With the volumes of gas of this type, one is led to believe that the measuring should not be difficult. Actually, this is not the case at all. The volumes of CO2 that are produced in the fermentation are not liberated at a constant velocity and a reliable system necessitates an identical precision in the detection of gas produced at each interval (from the lowest to the most elevated) and throughout the entire period in which the process should be monitored. A system able to oversee with precision only the initial phase when the volumes produced are elevated, for example, is not useful in that it does not allow for the detection of any eventual slowdowns in the final and most critical phases for the completion of the sugar consumption.
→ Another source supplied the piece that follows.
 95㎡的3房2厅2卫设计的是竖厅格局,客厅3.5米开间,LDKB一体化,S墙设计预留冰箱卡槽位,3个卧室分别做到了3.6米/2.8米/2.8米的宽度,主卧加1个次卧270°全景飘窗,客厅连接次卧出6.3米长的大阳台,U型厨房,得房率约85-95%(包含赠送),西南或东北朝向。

The existing ADCF system was perfected after a thorough evaluation of the sensors available on the market and the gas flow measurement systems, being reliable and accurate yet efficient only in a limited CO2 range, unable to guarantee a uniform accuracy and reliability throughout the entire interval in which it is necessary to measure the fermentation progress. ADCF rather offers a closed system applicable to any type of tank (whereby equipped with a hatch) that keep the vat in marginal overpressure, measuring even the slightest variations in pressure and temperature owing to the production of CO2.
The fermentation velocity of each tank can be monitored in real-time with ADCF. Data management via the integrated Saen5000 system not only permits the remote archiving and visualisation of the curvature, but also to communicate and interact with the fermentation parameters together with other functions managed by the system, from the temperature control to the oxygenation or remontage operations.